Außerdem: Wenn die vorprozessuale Geschäftsgebühr nicht zu den Prozessgebühren gehört, dann fällt sie doch für einen Patentanwalt eigentlich gar nicht an, weil § 143 PatG ja die Anwendbarkeit des RVG nur für die Kosten vorsieht, die im Rechtsstreit in einer Patentstreitsache entstehen. Und die vorprozessuale Beratung eines Mandanten im Hinblick auf eine möglicherweise einzulegende Nichtigkeitsklage ist kein Rechtsstreit bzw. keine Patentstreitsache. Dann muss ich also auf zivilrechtliche Anspruchsgrundlagen zurückgreifen. Und welche wären das? GoA, Schadenersatz, ... ? Mit welcher Begründung? Und muss ich den vermeintlichen Schuldner dann außerdem an seinem Wohnort verklagen, weil die ausschließliche Zuständigkeitsregelung des § 143 (1) PatG nicht greift?

Also, ich finde das ist alles nicht so klar ...
 

PAPA

GOLD - Mitglied
1) Gerade im Patentnichtigkeitsverfahren fällt die vorprozessuale Geschäftsgebühr nicht automatisch an.

Häufig ist ja ein paralleler Verletzungsprozess anhängig, in dem dann vorprozessual korrespondiert (z.B. abgemahnt) wurde. Die Geschäftsgebühr ist dann teilweise auf die Gebühren im Verletzungsverfahren anzurechnen. Wenn ein solcher Prozess anhängig ist, wird in Sachen der Nichtigkeitsklage meist nicht mehr abgemahnt.

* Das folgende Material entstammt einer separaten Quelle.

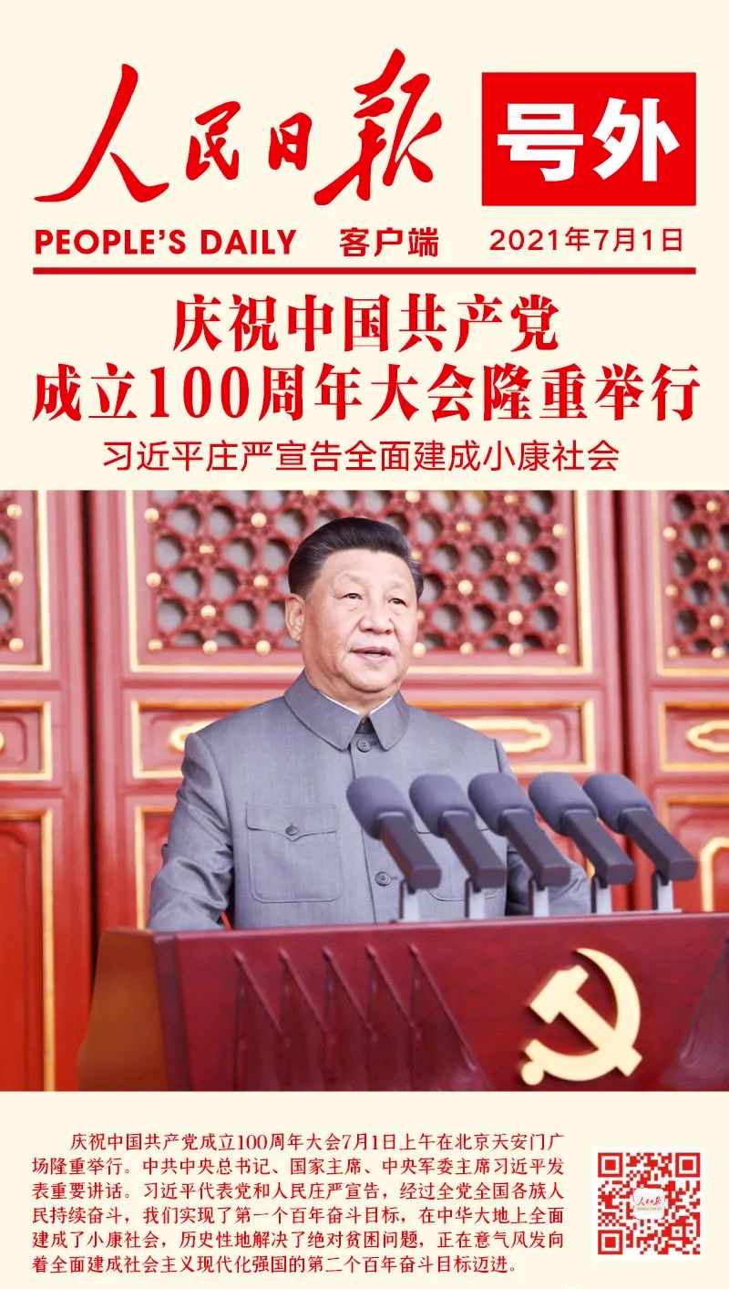 今天,在中國(guó)共產(chǎn)黨歷史上,在中華民族歷史上,都是一個(gè)十分重大而莊嚴(yán)的日子。我們?cè)谶@里隆重集會(huì),同全黨全國(guó)各族人民一道,慶祝中國(guó)共產(chǎn)黨成立一百周年,回顧中國(guó)共產(chǎn)黨百年奮斗的光輝歷程,展望中華民族偉大復(fù)興的光明前景。
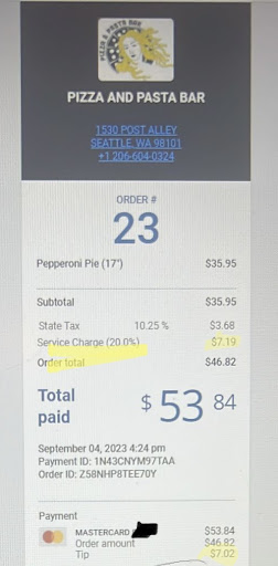 Read moreI will never eat at this place again purely because of the dishonesty and rude customer service. The food was good, but not worth the price or hidden fees. A 20% service fee is absolutely ridiculous especially when you are not aware about it until after you are charged and asked for a tip. I work in the restaurant industry and we always let customers know about a service fee before we take their order so that they are aware of the additional cost being added to the order. 35% of my total was the service fee and tip (I tipped 15% even tho they did not deserve it). My friend used her card to charge the original full price so that I could Apple Pay her my portion of the bill later as we were traveling from Portland, and when I went to the same cashier to get a receipt printed she printed the wrong receipt and was bothered that I asked for the correct one. When having my order being taken, I noticed that I spilled some water near the register and asked if I could have some napkins to clean the spill to prevent other customers from slipping behind me and was handed a single napkin when I asked and clearly needed more to clean the puddle on the ground. I understand the stress of working in a restaurant, but it’s no excuse for rude customer service especially when you are charging such high service fees without the...
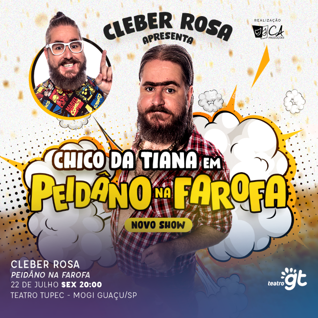 Com mais de 1 bilhão de visualizações e 4 milhões de seguidores, o humorista mineiro, Cleber Rosa, leva seu novo show de humor, de grande sucesso, por todo o Brasil. Em pouco mais de uma hora, sua comédia stand up aborda situações comuns da vida de um homem simples; causos do seu personagem mais querido e popular, Chico da Tiana, e o quadro Reclamação do Dia, divertem plateias por onde passa.

2) Selbstverständlich sind die vorprozessualen Kosten des mitwirkenden Patentanwalts (z.B. im Rahmen einer Abmahnung) nach § 143 PatG zu erstatten. in § 143 Abs. 3 wird nur die Mitwirkung im "Rechtsstreit" gefordert; hier steht nicht "gerichtliches Verfahren".

3) Es ist meines Wissen anerkannt, dass z.B. die Anwalts- und Patentanwaltsgebühren für eine Abmahnung auch über die Regeln der GoA von der Gegenseite erstattet werden müssen.

4) Eine Rüge wegen einer geforderten 1,3-Verfahrensgebühr durch die Gegenseite unterbleibt m.E. deshalb fast immer, da man hierdurch ja den Anwalt der Gegenseite erst auf den Gedanken bringt, auch die vorprozessuale Geschäftsgebühr einzufordern, was nach meiner Erfahrung häufig unterlassen wird.
 

PAPA

GOLD - Mitglied
nochmal zu 2)

Es geht in den genannten Urteilen ja nicht um die Erstattungsfähigkeit der Geschäftsgebühr als solche; es geht nur darum, ob diese im Wege der Kostenfestsetzung zum gerichtlichen Verfahren berücksichtigt werden kann, was verneint wurde.
 

Fip

*** KT-HERO ***
zu 1) Häufig heißt noch lange nicht immer ... Noch lange nicht jedem Rechtsstreit geht eine Abmahnung voraus, eine ausführliche Beratung aber schon eher.

zu 2) Dass sieht meiner Kenntnis nach zumindest die Patentstreitkammer in Düsseldorf anders ...

zu 3) siehe 1): Abmahnung ja, als Eingriff in den einger. u. ausgeübten Gewerbebetrieb. Und wenn eben nicht abgemahnt wurde? Was ist beispielsweise mit der Verzichtsaufforderung auf das Patent vor Einlegen der Nichtigkeitsklage?

zu 4) womöglich wird das deshalb unterlassen, weil es darauf keinen Anspruch gibt?

Was Du schreibst, stimmt für viele Fälle womöglich, aber eben noch lange nicht für alle ... Ich will das Thema auch nicht bis ins kleinste Detail auswalzen ... Aber die relativ neue BGH Rechtsprechung wirft schon einige Fragen auf.